EXERCISE BRIEF:
The job is to output exactly the lines that run from the start of the entries through the line containing "印判のお皿はもっと細かい模様", pictures omitted.

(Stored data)
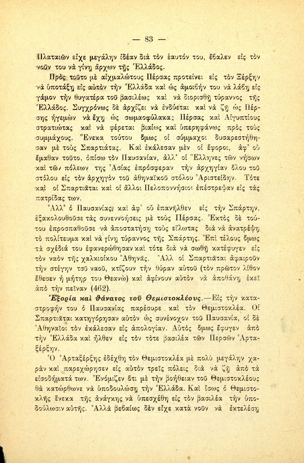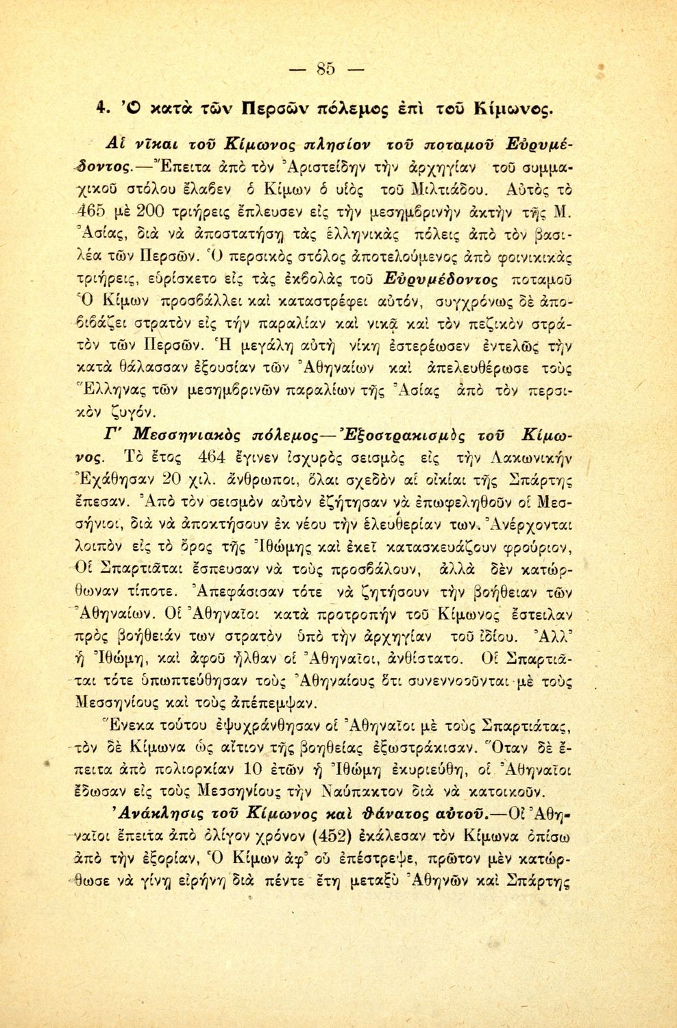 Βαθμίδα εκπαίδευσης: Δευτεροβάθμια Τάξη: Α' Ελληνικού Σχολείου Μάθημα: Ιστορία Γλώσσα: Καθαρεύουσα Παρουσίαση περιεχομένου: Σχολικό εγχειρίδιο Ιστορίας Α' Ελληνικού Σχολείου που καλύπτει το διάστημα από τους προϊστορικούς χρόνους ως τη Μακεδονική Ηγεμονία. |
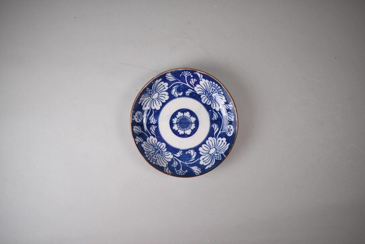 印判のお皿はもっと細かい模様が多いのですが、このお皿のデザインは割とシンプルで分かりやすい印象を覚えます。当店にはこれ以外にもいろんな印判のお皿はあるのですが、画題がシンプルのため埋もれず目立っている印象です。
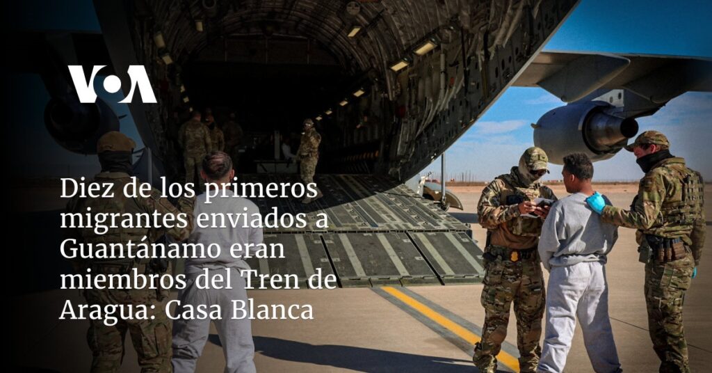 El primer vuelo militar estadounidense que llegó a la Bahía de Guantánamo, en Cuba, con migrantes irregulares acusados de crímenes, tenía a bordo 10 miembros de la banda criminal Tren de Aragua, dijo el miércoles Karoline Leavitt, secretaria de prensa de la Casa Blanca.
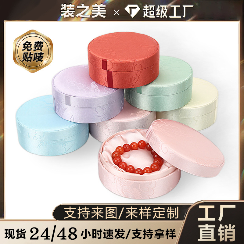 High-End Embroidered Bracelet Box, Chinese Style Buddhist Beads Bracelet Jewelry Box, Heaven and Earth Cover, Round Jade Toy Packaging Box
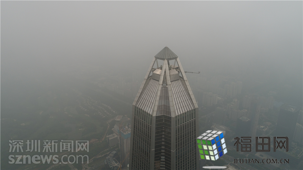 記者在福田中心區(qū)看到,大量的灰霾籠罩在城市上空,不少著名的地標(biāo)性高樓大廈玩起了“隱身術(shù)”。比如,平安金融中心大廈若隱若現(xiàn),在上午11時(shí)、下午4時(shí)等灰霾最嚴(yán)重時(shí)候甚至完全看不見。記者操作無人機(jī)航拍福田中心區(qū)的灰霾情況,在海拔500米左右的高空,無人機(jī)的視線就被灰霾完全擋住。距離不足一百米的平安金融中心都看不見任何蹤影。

RESPONSE AREA:
 Βαθμίδα εκπαίδευσης: Δευτεροβάθμια Τάξη: Α' Ελληνικού Σχολείου Μάθημα: Ιστορία Γλώσσα: Καθαρεύουσα Παρουσίαση περιεχομένου: Σχολικό εγχειρίδιο Ιστορίας Α' Ελληνικού Σχολείου που καλύπτει το διάστημα από τους προϊστορικούς χρόνους ως τη Μακεδονική Ηγεμονία. |
 印判のお皿はもっと細かい模様が多いのですが、このお皿のデザインは割とシンプルで分かりやすい印象を覚えます。当店にはこれ以外にもいろんな印判のお皿はあるのですが、画題がシンプルのため埋もれず目立っている印象です。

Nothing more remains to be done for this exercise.